If you recognise yourself in any of this, I tell you now,

you gave me nothing, at all, that I didn’t already have.

 


6.


Face settled in to sleep shapelessness, top lip

reveals two sticky, cerated teeth. Forehead against

mine. Our sweat mixing where they touch. He breathes

against my lips, breaths that curl and growl off the roof

of his mouth. This is an intimate moment.         

                          You don’t breathe just anyone.

Yet at soon as he is gone, the day is in bed,

and it imagines who he will be with that night.



12.


Cloth shroud, the stopper between the man

and my want. I peel him like a glutton,

like the first time he got me alone and

I felt each part of undressing him, each button

and lace. I stole his portrait, so it can

bring him back to me, my hiding ‘true one.’
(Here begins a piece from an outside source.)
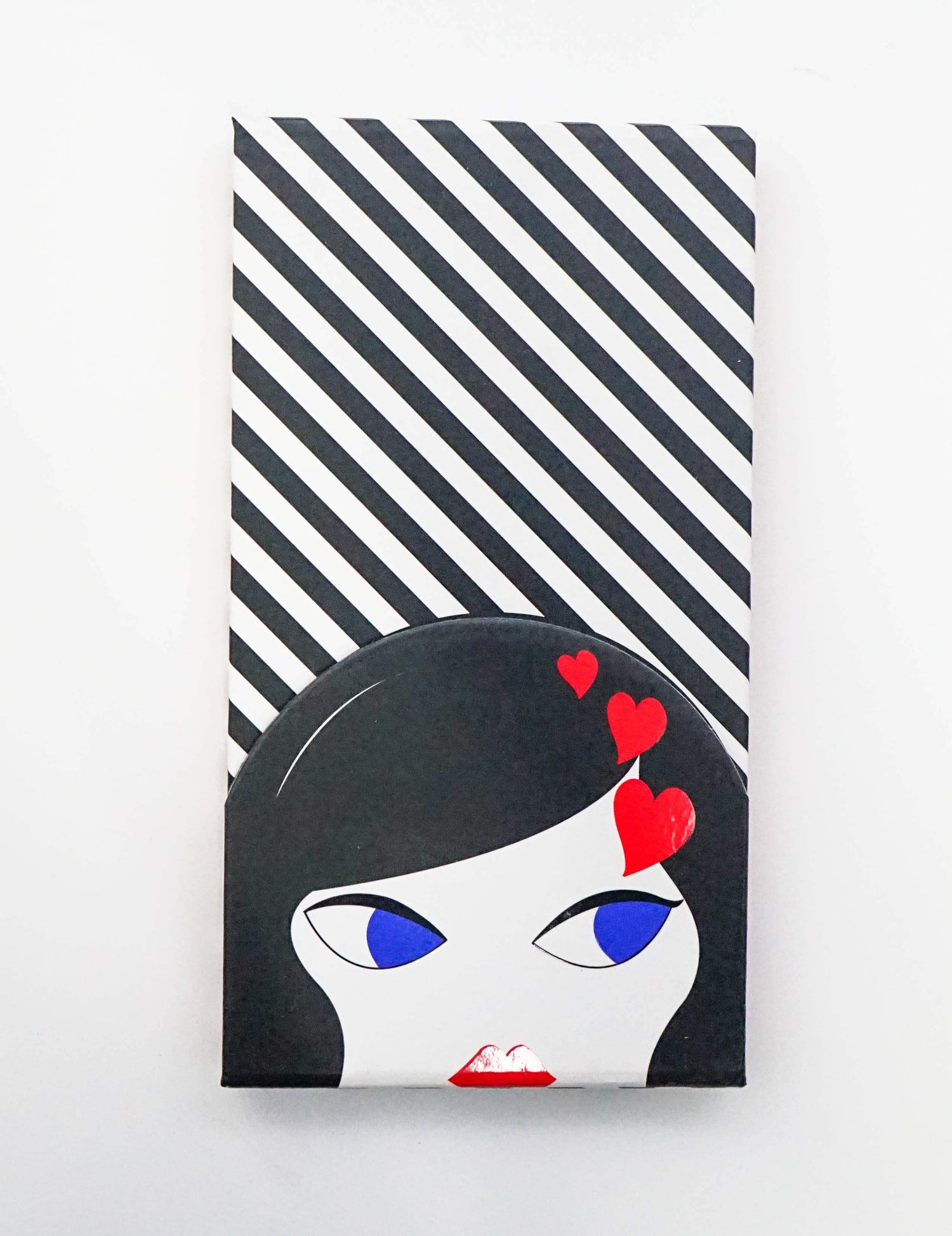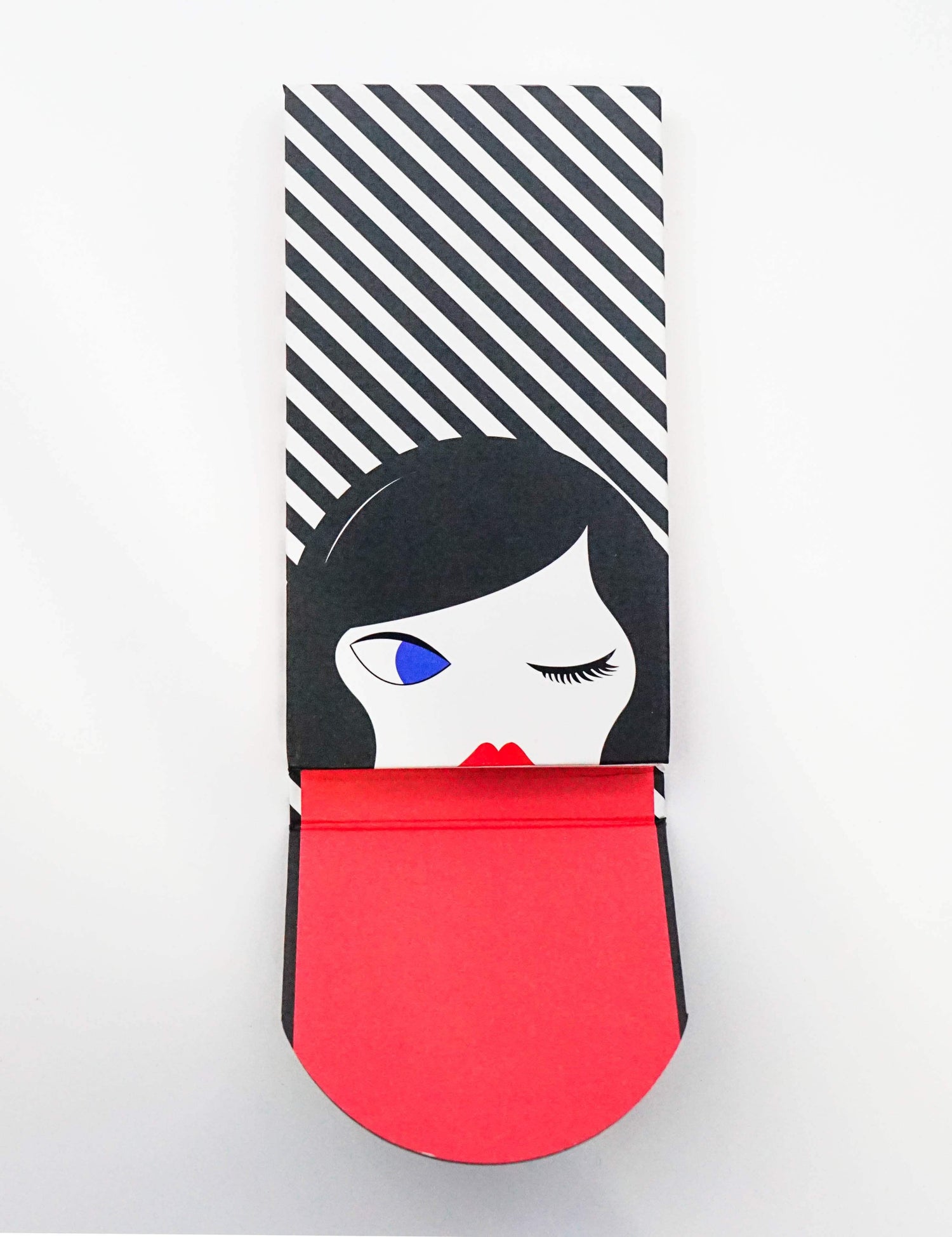 Shopping lists, reminders and notes are given the Lulu glamorous touch with this Doll Face Jotter Pad. Featuring a magnetic snap closure, flip top die-cut cover, sprayed edges and 128 tear-away blank pages adorned with the Lulu Guinness logo in gold.

In fact, in a way I like him more, when that

nasty, sarcastic, mouth can’t argue back.



5.


The smell of my Husband’s breath makes me sick,

I try not to breathe it in as he huffs, adjusting his

balls in bed. My lover sweats a lot, yet the man

who grunts and snores beside me, is as dry as

a sparrow’s feathered form. His house spider

hands tickling on to my stomach, his tap against

my clenched thigh. I wish my eyelids did not

flutter and flick, answering yes, I am still awake.

 


9.


Who is this bitch, I will remember that name,

Jane. Search the face of every woman I meet

at dances, and wonder was it you? Find and

despise, anyone even resembling what I guess

is your type. Early days slips, where you said

‘never really gone for slim blondes’ eat your

efforts like syphilis, as I make enemies of any

woman with brown hair, tits, and wide hips.



3.


His gravy thick laugh moves around the trees,

and his performances are gone in the show of teeth,

euyah-HA, eyuuh-HA sound made just with me.

Come hee-are, Cah-RO, he sneers, flexing fingers,

then broad shoulders slam in to my eager, open ribs.

The ground comes up to meet my face - soft leaf bones

smile, ready to catch me, should his leg give in. I say,

put me down, you bloody fool, not meaning it.